"Software is dead. Long live software!"
Software engineering isn’t dying. But the center of gravity is shifting.
AI can now scaffold apps, write integration code, summarize logs, and refactor boilerplate in seconds. The bottleneck used to be the ability to write working code at scale. Now, the bottleneck is something else entirely.
We’re entering an era of the great re-bundling of software creation—where the real advantage lies in the ability to synthesize across layers of abstraction, not just operate within one.
For the last two decades, software development has been trending toward unbundling. Engineering, product, design, data, DevOps—each became a distinct specialization. But as AI takes over the repetitive parts of each role, what's left is the work that spans disciplines. The parts that require context, coordination, and consequence.
The most valuable engineers today are no longer just “code jockeys” churning out 1,000 lines a day. They’re multidisciplinary thinkers—translators between product, users, data, infrastructure, and the real-world constraints of the domain they’re working in.
The core of engineering leverage is no longer found in typing faster. It’s in bridging problem and solution—carrying context from the messiness of the real world into the structure of the system.
Context is the new center of gravity
Not just "context" in the technical sense (environment variables, inputs, dependencies), but the broader context:
What is the actual workflow a user is trying to complete?
What are the organizational, physical, or regulatory constraints that shape the edge cases—and determine whether a product is even adoptable?
What downstream systems does this decision affect?
AI tools can help write a function to validate a medical billing code. But they can’t yet understand whether that product actually gets used—or why it might silently fail to be adopted. They can’t yet understand:
Why that code exists
How it relates to insurance claims processing
What mistake would cost someone their coverage
Or which physician’s workflow might quietly break if it changes
That’s the kind of context someone needs to carry—whether it’s the founder, the PM, or a technically curious operator.
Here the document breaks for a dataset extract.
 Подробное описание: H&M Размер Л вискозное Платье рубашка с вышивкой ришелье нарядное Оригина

A context-less coder can build something impressive that no one ever wants to use. A great founder, in contrast, is in love with the context. They shape the product from within it. But when engineers carry it too, the loop gets tighter and the product gets better.
The best engineers I’ve worked with—especially in sectors like healthcare, fintech, logistics, and industrial automation—don’t start with the spec. They start with the user, the environment, and the failure cases. They build from the problem space out.
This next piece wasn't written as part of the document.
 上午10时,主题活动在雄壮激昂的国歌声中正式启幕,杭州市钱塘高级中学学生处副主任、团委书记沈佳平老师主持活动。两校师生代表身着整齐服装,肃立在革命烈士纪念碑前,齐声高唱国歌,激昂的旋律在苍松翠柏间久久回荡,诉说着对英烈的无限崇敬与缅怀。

The shift from vertical to Venn diagram
In the past, engineering roles were often narrowly defined: backend, frontend, DevOps, data. But what AI is doing is compressing the work at the edges—boilerplate, glue code, integrations. What’s left in the center is where disciplines blur.
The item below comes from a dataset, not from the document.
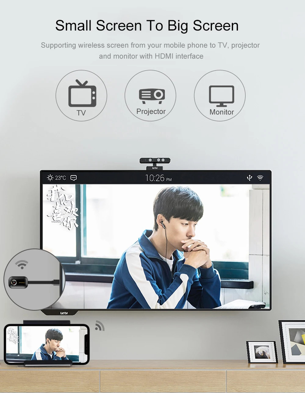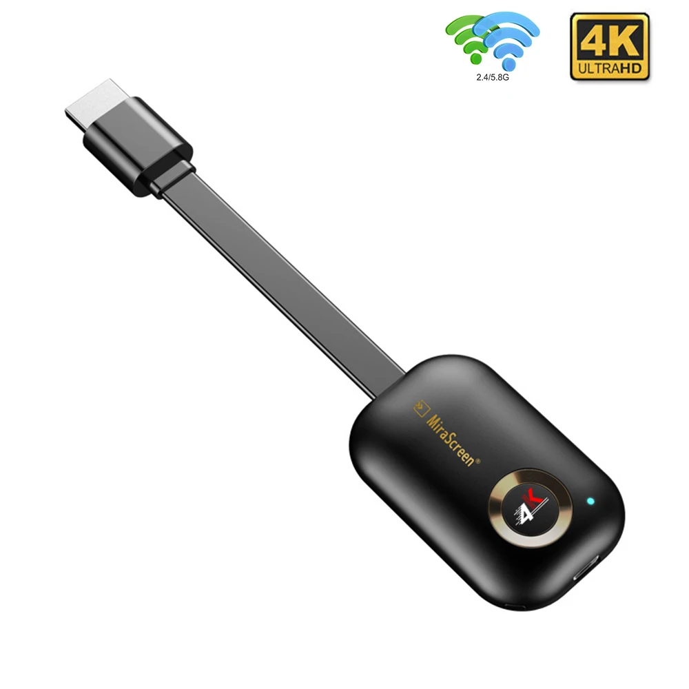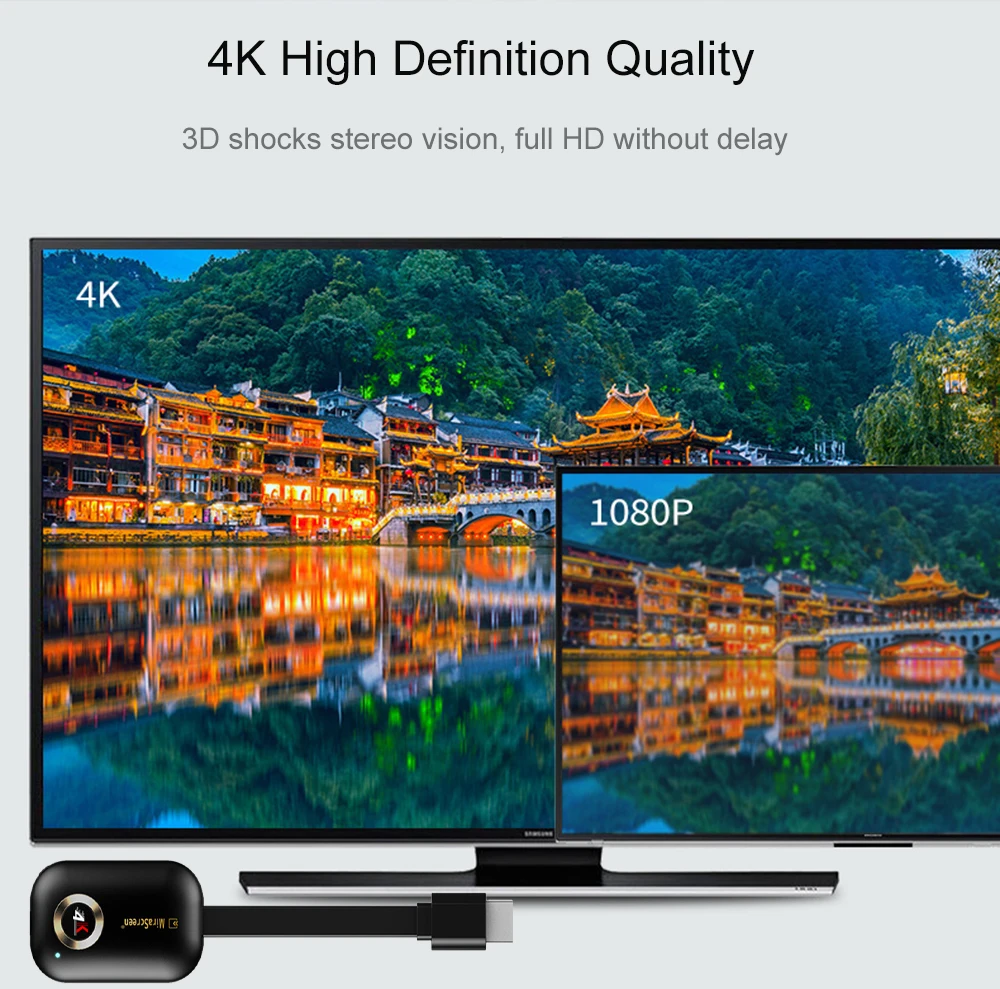 Supports the Miracast standard for Android device, and DLNA for home multimedia application. it also comply with for AirPlay for iOS mirroring. Enjoy screen mirroring with MiraScreen G9 Plus. It allows users to easily share photos, music, videos, PPT and other content in your smart phone, tablet PC to a bigger screen like HDTV or projector. Wireless Display: wireless screen mirroring, sync mirror the entire screen of for iOS and for Android smartphone, tablet PC to HDTV or projector, perfect for PPT presentation and big screen movie. External WiFi module, supports 802.11b/g/n wireless connection, 2.4GHz/5G WiFi, strong signal, supporting video, audio, photo, office file wireless display. Supports multi-OS (for Android/iOS) and supports Miracast, Airplay, and DLNA. Works for iOS 8.0 and above devices with Airplay and for Android 4.2 and above with Miracast. Freely switch between Airplay and Miracast modes without a button. Plug and play, no need to install drivers, easy to operate. Low power consumption and low heat. Supports Full HD wireless audio and video transmission, 4K output with HD interface. Uses compact portable deign for easy carrying. Tpye: WiFi Display Dongle WiFi Band: 2.4G, 5G (Optional) OS: for Linux CPU: AM8272X CPU Speed: 600MHz RAM: DDR3 128MB WiFi Module: 8188FTV WiFi Frequency: 2.4GHz/5G Max. Resolution: 4K Power: 5V 2A File Format: PDF, Word, Excel, Powerpoint, I Works Video Format: AVI, DIVX, MKV, TS, DAT, MPG, MPEG, MOV, MP4, RM, RMVB, WMV Audio Format: MP1, MP2, MP3, WMA, OGG, ADPCM-WAV, PCM-WAV, AAC Photo Format: JPEG, BMP Notes: System Requirement: for iOS 8.0 and above, for Android OS 4.2 or above Please make sure that your smart phone and tablet PC support Miracast, DLNA, Airplay function before you buy it. The WiFi Wireless Display is only compatible with smart phone and tablet PC, not compatible with PC. The WiFi Wireless Display Receiver is not compatible for Netflix, for Amazon Video Client, for HBO go, for Honda Motor. The distance between your smart Phone/tablet PC and the WiFi wireless display receiver should be within 6 meters to ensure better transmission effect. Please place the external WiFi Module in front of your TV, make sure that there is no obstacle between the WiFi module and your smart phone/tablet PC. Due to the light and screen setting difference, the item's color may be slightly different from the pictures. Please allow slight dimension difference due to different manual measurement. Package Includes: 1 x WiFi Display Receiver 1 x 2 in 1 USB & WiFi Module Cable 1 x User Manual (English/Chinese)

The most valuable engineers increasingly sit in overlapping territory:
Part systems thinker
Part product designer
Part workflow anthropologist
Part internal evangelist
They write fewer lines of code—but make each one count more. They often pair tightly with operators, designers, clinicians, or sales engineers. They might be the only ones on the team who can spot the disconnect between what’s technically possible and what the real world will actually tolerate.
Founders: who you hire matters more than how fast they ship
Founders often ask me, “How do I know if a technical hire is great?”
My answer has changed over the last few years.
Of course you want engineers who can ship. But the ones who really move the company forward are the ones who:
Ask how the workflow actually plays out in the field
Notice friction that product didn’t spec
Question why an integration exists in the first place
Understand how system boundaries evolve over time
In an AI-native team, these engineers will still use Copilot, GPT, and AI tooling—but they’ll use them with the judgment of someone who knows what matters.
There’s a reason YC reveres technical founders—and teaches them to test their ideas in the real world every day. That culture of multidisciplinary fluency is part of what makes those companies dangerous. My hope is that mindset spreads more broadly: that technical contributors across every stage and industry take responsibility not just for code, but for consequence.
Investors: look beyond the demo
It’s never been easier to demo something impressive. But the moat isn’t in the output—it’s in the alignment between product, data, and environment.
When evaluating a technical founding team, I now listen for clues about:
How they think about decision quality, not just velocity
Whether they’ve sat with users, or just assumed from afar
What happens when something breaks downstream
If a team can articulate the non-obvious risks or edge cases in their domain—and how they’ve encoded those into the system—I lean in.
The AI layer is real. It’s accelerating output. But it’s also revealing where our biggest gaps have always been: in judgment, understanding, and cross-disciplinary clarity.
The most valuable engineers of the next decade may not be the fastest coders. They may not even be the most "technical" in the traditional sense. They’ll be the ones who can synthesize across the stack—bridging real-world constraints and system architecture. They won’t just write code. They’ll encode understanding.